• Exercise prompt
Restate the data that follows exactly as it stands, beginning with the first line and ending with the line that contains "长方优质保鲜盒400/900/1700/2500毫升四件套塑料冰箱食品收纳盒".

Items from a dataset:
____________
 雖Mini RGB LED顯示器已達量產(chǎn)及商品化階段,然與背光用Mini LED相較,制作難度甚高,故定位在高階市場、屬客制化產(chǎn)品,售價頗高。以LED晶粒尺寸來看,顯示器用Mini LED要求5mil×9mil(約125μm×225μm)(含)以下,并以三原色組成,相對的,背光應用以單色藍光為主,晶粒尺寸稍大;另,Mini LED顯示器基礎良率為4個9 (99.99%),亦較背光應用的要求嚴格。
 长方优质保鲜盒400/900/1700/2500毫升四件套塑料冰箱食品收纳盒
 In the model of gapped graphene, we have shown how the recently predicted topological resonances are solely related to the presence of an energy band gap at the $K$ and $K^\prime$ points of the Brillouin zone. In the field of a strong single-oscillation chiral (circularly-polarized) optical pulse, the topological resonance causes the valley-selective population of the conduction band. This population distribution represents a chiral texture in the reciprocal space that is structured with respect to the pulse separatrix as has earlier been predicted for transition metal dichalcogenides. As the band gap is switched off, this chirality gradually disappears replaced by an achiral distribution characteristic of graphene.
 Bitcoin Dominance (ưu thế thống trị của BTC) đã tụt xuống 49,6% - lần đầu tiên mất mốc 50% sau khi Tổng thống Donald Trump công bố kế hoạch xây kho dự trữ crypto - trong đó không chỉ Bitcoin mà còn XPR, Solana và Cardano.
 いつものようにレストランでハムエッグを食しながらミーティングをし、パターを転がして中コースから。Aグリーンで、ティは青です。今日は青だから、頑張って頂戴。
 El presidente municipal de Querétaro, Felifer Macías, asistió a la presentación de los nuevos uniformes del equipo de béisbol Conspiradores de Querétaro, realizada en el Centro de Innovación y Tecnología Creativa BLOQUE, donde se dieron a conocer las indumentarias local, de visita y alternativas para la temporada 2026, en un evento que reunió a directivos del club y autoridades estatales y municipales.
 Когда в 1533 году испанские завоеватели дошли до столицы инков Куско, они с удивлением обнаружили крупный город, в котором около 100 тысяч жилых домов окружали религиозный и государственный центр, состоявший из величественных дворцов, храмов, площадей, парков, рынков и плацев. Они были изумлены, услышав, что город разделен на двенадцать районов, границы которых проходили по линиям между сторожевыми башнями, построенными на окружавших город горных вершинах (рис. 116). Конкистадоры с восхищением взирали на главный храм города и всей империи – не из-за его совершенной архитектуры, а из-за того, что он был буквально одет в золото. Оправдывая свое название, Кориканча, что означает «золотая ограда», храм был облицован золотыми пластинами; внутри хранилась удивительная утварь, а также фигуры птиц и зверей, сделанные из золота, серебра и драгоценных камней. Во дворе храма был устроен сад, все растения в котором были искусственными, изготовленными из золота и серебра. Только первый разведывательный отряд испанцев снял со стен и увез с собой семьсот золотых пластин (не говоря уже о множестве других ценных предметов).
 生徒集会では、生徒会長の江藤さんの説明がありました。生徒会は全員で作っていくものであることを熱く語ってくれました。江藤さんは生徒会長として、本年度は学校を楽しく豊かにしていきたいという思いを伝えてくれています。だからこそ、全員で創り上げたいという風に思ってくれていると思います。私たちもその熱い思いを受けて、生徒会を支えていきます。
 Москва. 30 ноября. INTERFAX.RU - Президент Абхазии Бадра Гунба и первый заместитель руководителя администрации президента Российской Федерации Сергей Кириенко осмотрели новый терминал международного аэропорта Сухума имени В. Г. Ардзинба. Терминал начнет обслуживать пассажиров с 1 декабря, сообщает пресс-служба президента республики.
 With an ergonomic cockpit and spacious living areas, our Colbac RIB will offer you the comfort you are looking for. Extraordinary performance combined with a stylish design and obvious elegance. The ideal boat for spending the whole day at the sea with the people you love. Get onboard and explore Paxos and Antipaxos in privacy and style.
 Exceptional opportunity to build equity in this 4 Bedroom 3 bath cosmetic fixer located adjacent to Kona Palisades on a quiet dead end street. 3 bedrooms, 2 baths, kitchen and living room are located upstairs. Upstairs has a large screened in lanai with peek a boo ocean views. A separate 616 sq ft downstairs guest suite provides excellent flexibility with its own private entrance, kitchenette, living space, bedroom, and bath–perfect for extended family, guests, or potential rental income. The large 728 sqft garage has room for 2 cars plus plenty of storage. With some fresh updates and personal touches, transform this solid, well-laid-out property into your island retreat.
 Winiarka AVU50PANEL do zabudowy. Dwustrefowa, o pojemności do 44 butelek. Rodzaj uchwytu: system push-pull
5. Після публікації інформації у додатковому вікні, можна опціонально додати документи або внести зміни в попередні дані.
____________
• Result of the exercise
 雖Mini RGB LED顯示器已達量產(chǎn)及商品化階段,然與背光用Mini LED相較,制作難度甚高,故定位在高階市場、屬客制化產(chǎn)品,售價頗高。以LED晶粒尺寸來看,顯示器用Mini LED要求5mil×9mil(約125μm×225μm)(含)以下,并以三原色組成,相對的,背光應用以單色藍光為主,晶粒尺寸稍大;另,Mini LED顯示器基礎良率為4個9 (99.99%),亦較背光應用的要求嚴格。
 长方优质保鲜盒400/900/1700/2500毫升四件套塑料冰箱食品收纳盒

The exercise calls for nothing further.